Три. От нее исходил аромат. Встань под верным углом, и он пройдет сквозь меня, и оставит дырку, сквозь которую засвистит ветер, когда я встану под верным углом.
Я сидел за ней в машине, по временам, когда Рекс ехал в город, а она в школу, а я на работу. Когда я ехал сзади, она была спереди, на пассажирском сиденье. Она не застегивала пояс, и Рекс говорил ты едешь на Сиденье смерти, Мелинда, сиденье, на котором ты сидишь, называют Сиденьем смерти, знаешь ли, и я был прямо за ней, на заднем Сиденье смерти, и ногами не доставал до пола, если не считать бугорок посерединке.
И вот в пассажирском окне подле нее отражались под углом встречные легковушки и грузовики, и она отражалась тоже, там, в ожидании; и легковушки и грузовики в окне неслись стремглав и впадали прямо в ее отражение, поглощались и взрывались, и назад, из ее отражения, в мое сонное опухшее лицо летели осколки солнца, бледнеющая улица и прибой аромата.

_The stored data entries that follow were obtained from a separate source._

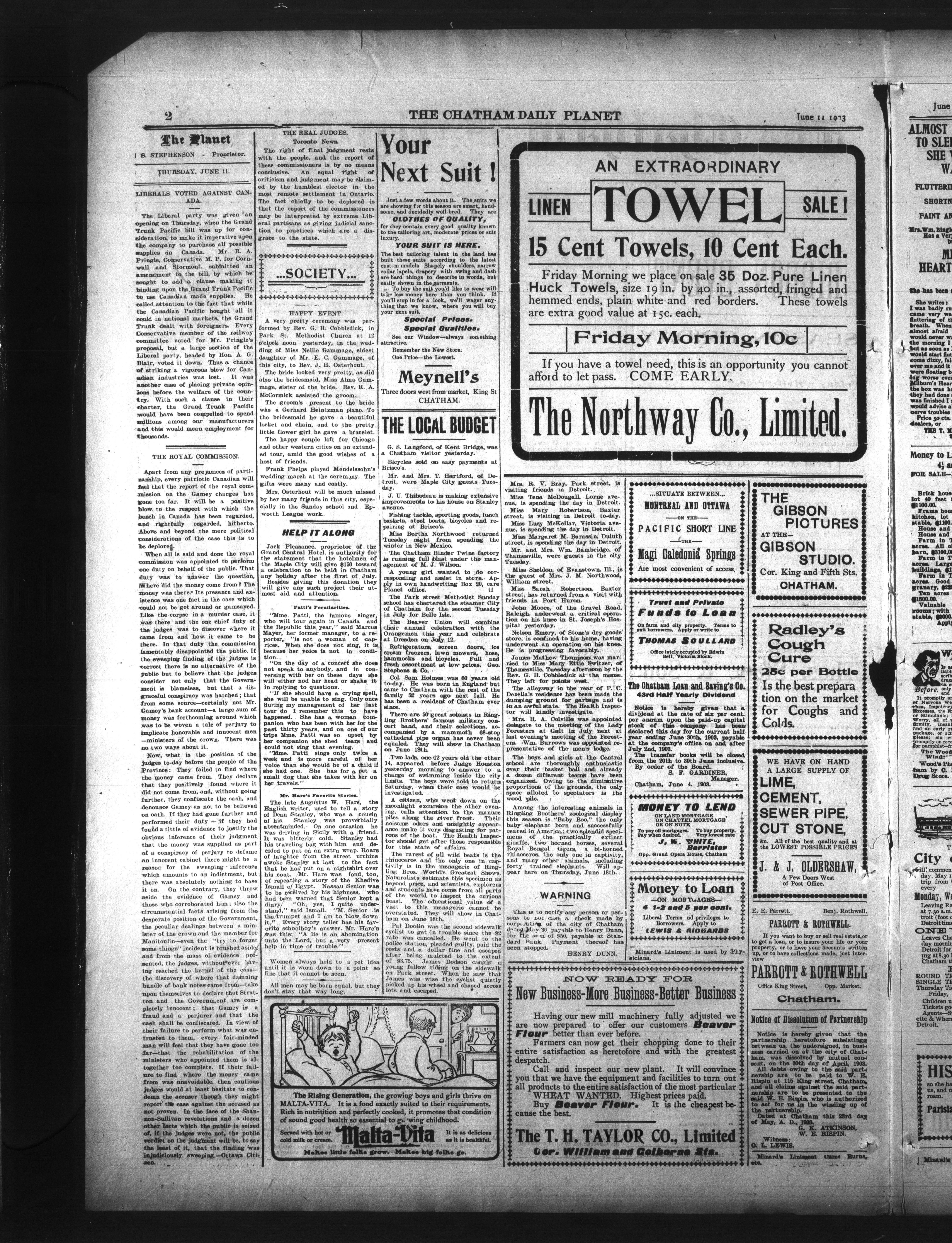 - The Chatham Daily Planet : Vol. XII, No. 140 (June 11, 1903)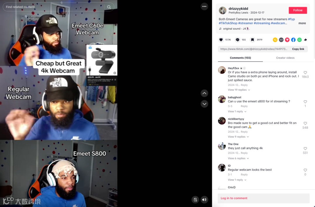 eMeet认为Lewis的身份让其对摄像头有很高的要求,此外账号内的直播日常生活和评论也显示,他的粉丝有不少也希望自己开直播,因此和Lewis合作还是比较契合的。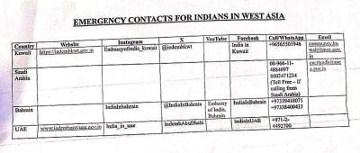 ईरान सहित पश्चिम एशिया के देशों में फंसे भारतीय नागरिकों की मदद के लिए अपील जारी की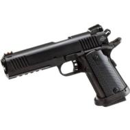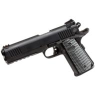 The TAC Ultra FSHC has a full tactical rail and is built with a double stack magwell with 13-round capacity. This pistol also has a 5" button rifled barrel supported by a full length guide rod and full dust cover. Includes a low-profile adjustable rear sight and high-visibility fiber optic front sight. Also fitted with a skeletonized hammer and trigger with adjustable over travel stop. The TAC Ultra is finished with a tough parkerzied matte coating and has battle ready G10 tactical grips.

Все-таки аромат исходил от ее головы, а не от образов, взрывающихся светом в стекле; я же не совсем чертов идиот. Всего лишь аромат духов: чистый, насыщенный, смутно чувственный. Вообразите: нечто сушится на веревке и колеблемо ветерком. Не стоит приписывать многое лошади с холодными копытами.
Или: как-то раз оказываюсь на улице позади нее с подружкой. Я поедал брецель на обед, большой и мягкий, как мое лицо, чудовищно соленый брецель, и уже скоро, через квартал-другой, сообщник продавца брецелей воодушевленно продаст мне пепси, но вот ее туфельки громко, весьма громко стучат по мостовой, как насос в недрах глубокого колодца, и вот темные густые волосы свешиваются почти до талии, и ветер выделывает с ними что-то эдакое, и, конечно, где волос, там аромат, и я пронизан им насквозь, весь в соли, как в песке, и миссис Лот в ее беретке застыла столпом посреди пробки, пригвождена красным светом.[150]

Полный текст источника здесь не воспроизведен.